Further, in the drawings or description, the same drawing reference numerals are used for similar or identical parts. Features of the embodiments illustrated in the description may be freely combined to form new embodiments without conflict, and each claim may be individually referred to as an embodiment or features of the claims may be combined to form a new embodiment, and in the drawings, the shape or thickness of the embodiment may be enlarged and simplified or conveniently indicated. Further, elements or implementations not shown or described in the drawings are of a form known to those of ordinary skill in the art. Additionally, while exemplifications of parameters including particular values may be provided herein, it is to be understood that the parameters need not be exactly equal to the respective values, but may be approximated to the respective values within acceptable error margins or design constraints.

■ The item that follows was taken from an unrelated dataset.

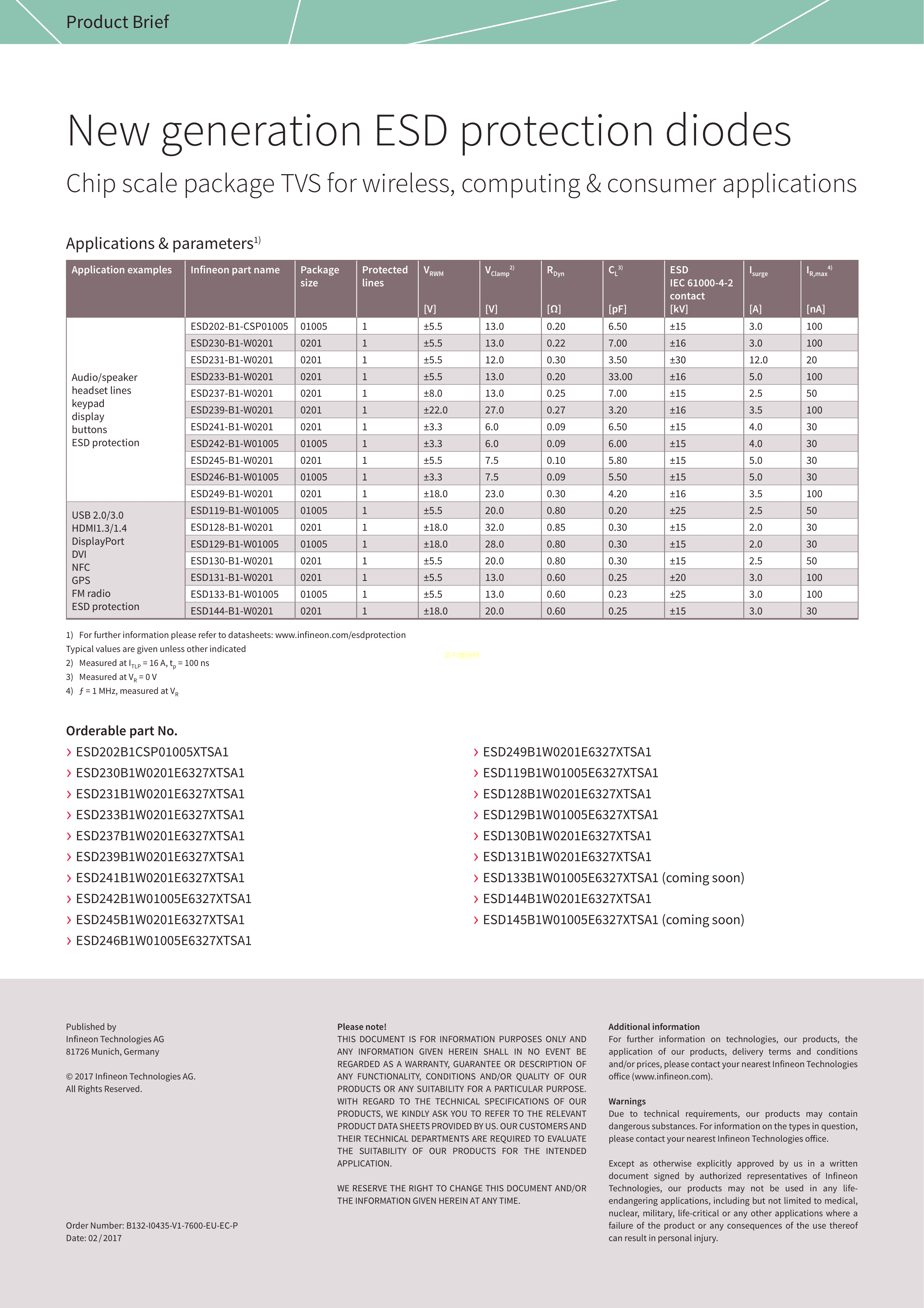 ESD145B1W01005E6327XTSA1数据手册PG-WLL-2-2封装Infineon(英
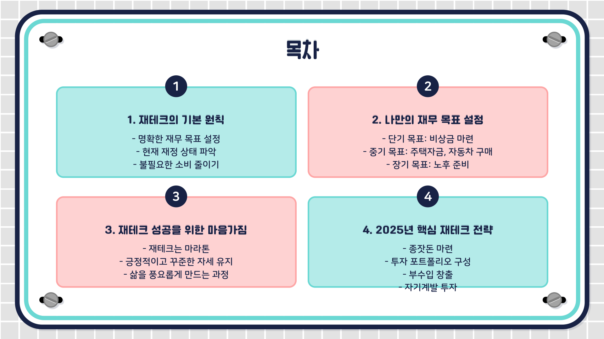- 긍정적이고 꾸준한 마음가짐: 재테크는 단거리 경주가 아닌 마라톤입니다. 조급해하지 않고 꾸준히 실천하는 자세가 중요합니다.

Unless a technical obstacle or contradiction exists, the above-described various embodiments of the present disclosure may be freely combined to form further embodiments, which are all within the scope of protection of the present disclosure.

While the present disclosure has been described in connection with the accompanying drawings, the embodiments disclosed in the drawings are intended to be illustrative of the preferred embodiments of the disclosure, and should not be construed as limiting the disclosure. The dimensional proportions in the drawings are merely schematic and are not to be understood as limiting the disclosure.

Although a few embodiments of the present general inventive concept have been shown and described, it would be appreciated by those skilled in the art that changes may be made in these embodiments without departing from the principles and spirit of the general inventive concept, the scope of which is defined in the claims and their equivalents.

The above-mentioned embodiments are intended to illustrate the objects, aspects and advantages of the present disclosure in further detail, and it should be understood that the above-mentioned embodiments are only illustrative of the present disclosure and are not intended to limit the present disclosure, and any modifications, equivalents, improvements and the like made within the spirit and principle of the present disclosure should be included in the scope of the present disclosure.